Beşiktaş’ı Keşfetmek

İyi akşamlar,sizi bu yazımla, Beşiktaş’ta biraz gezdirmek istiyorum.Gerçi bilen biliyordur ama,ben bu güzel,küçük Beşiktaş turunun,sitemde yer almasını istiyorum.Arzu ederseniz buyrun Beşiktaş turuna.

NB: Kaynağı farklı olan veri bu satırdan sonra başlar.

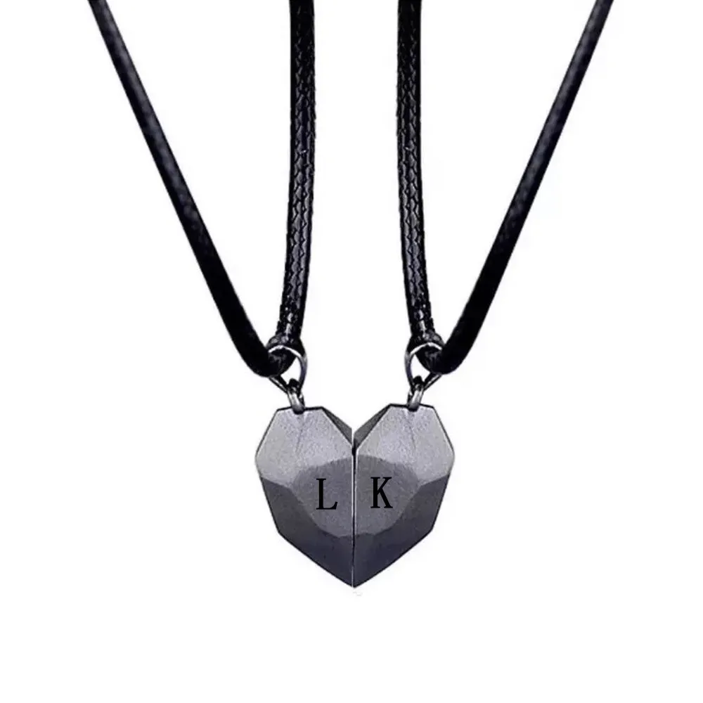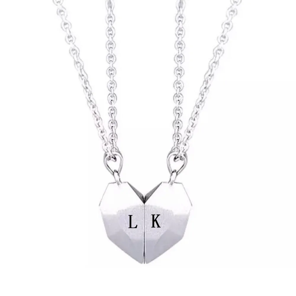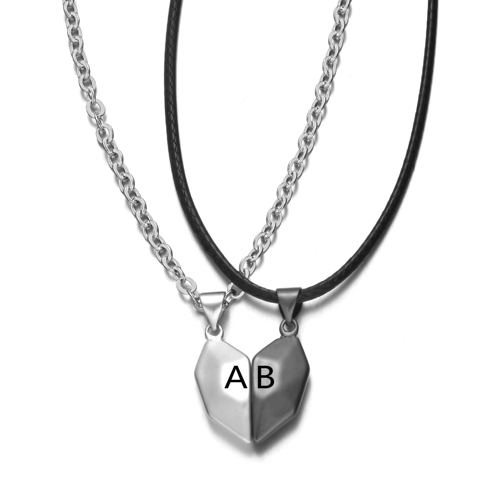 2 шт.компл., высококачественное магнитное ожерелье для влюбленных из нержавеющей стали, кулон в виде сердца, лазерная гравировка, 26 букв, Очаровательное ожерелье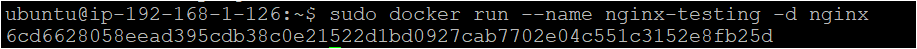 After the successful execution of the Docker run command, you will see that the container ID is generated below.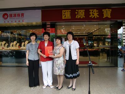 2010年6月1日,河源市匯源珠寶有限公司榮獲廣東省優(yōu)秀愛(ài)心父母(集體)光榮稱號(hào),市婦聯(lián)謝紅英主席在匯源珠寶金行興源店主持頒獎(jiǎng)儀式,市政府葉維園副市長(zhǎng)給匯源珠寶有限公司劉越香總經(jīng)理頒發(fā)了獎(jiǎng)牌、證書。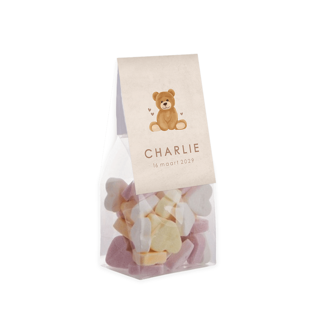 Dit vouwkaartje is een toffe geboorte traktatie. Bedank vrienden en familie in de stijl van je geboortekaartje voor alle warme wensen en attenties. Centraal op het kaartje staat een lieve illustratie van een teddybeer met daaronder de naam van jullie kleintje. Het vouwkaartje is 6 cm breed en 17 cm lang. Bestel meteen de zakjes mee, om de doopsuikers compleet te maken. Je hoeft enkel de snoepjes nog zelf uit te zoeken en het geheel in elkaar te zetten. Heerlijk klusje tijdens je verlof!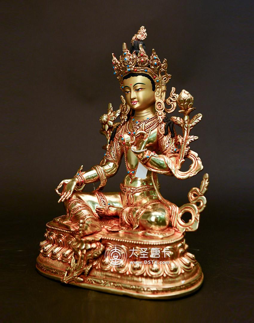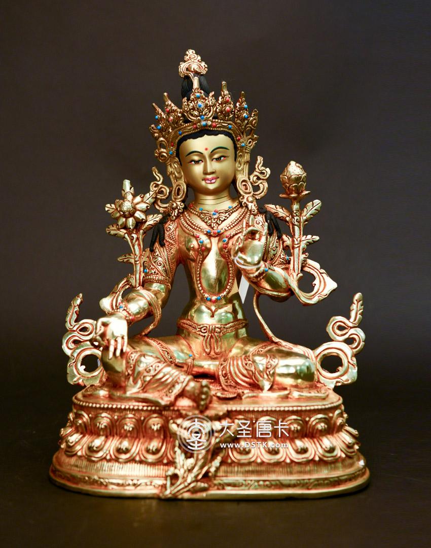 產地:尼泊爾佛像 工藝:鎏金 創作年份:2017 題材:佛母 繪制時間:0日 尺寸:36*15*18cm 重量:0 g 材質:紫銅 使用場地:

Neden bilmiyorum ama,Beşiktaş ile aramda bir göbek bağı var.Hani İstanbul’da doğmuş olsam,acaba annem göbeğimi Beşiktaş’a mı gömmüş diyeceğim ama,o da değil.Hani eskiler,bebeğin göbeği düştüğünde,belli amaçlar için,belli yerlere gömerler ya.Kimi cami avlusuna,kimi üniversite bahçesine.Ama İstanbul’da doğmadığım için bu mümkün değil.Ama nedendir bilinmez,lise sonrası hayatım Beşiktaş’a bağlandı.Üniversite,şimdi çalıştığım şirket,hatta üniversite öncesi üniversite hazırlık kursu,hepsi bu ilçenin sınırları içindeydi.

 
Beşiktaş’ı severmiyim?Evet çarşısını severim.Esnafı,sıcak ve samimidir.Çarşısı çok hareketli ve çok çeşitlidir.Neye ihtiyacınız varsa,hepsini bir arada bulabilirsiniz.Giysi mağazaları,aktarı,balıkçısı,restaurantları,parfümericisi,çaycısı,tokacısı derken,bir girdinizmi,uzun saatler çıkamazsınız.En azından bana öyle oluyor.Bir dükkandan diğerine,sonra bir diğerine derken zaman akar gider.
 
Öğlen arası indiğimde,hızlandırılmış bir turla o havayı solumak iyi gelir.Çünkü o çarşının tam ortasında durduğunuzda,yanınızdan geçip giden insanlar,bağıran balıkçılar,yemek yeme telaşında olan insanlar,alışveriş torbalarıyla dolaşanlarla tam da hayatın içinde,tam ortasında hissedersiniz kendinizi.
 Çarşıya girilen,sokakta ilerlerken sağ taraftan mı,sol taraftan mı yürüyeyim karar veremem.Önce bir,sağ tarafta ki Nezih Kitapevine girerim.Şöyle bir kitaplara göz atarım.O kırtasiye kokusunu çok severim.Sonra ilerler yine sağ tarafta ki Ziraat Bankası’nın karşısında ki tokacıdan mutlaka bir iki toka alırım.Çok çeşidi vardır,bazen hepsini almak isterim.Tam ortada ki kartal heykelinin yanına geldiğiniz de,lezzet noktalarına çok yaklaşmış olursunuz.Hemen solda,yılllar yıllar önceden süregelen,hemen herkesin bildiği,Kaymakçı Pando’nun mekanı vardır.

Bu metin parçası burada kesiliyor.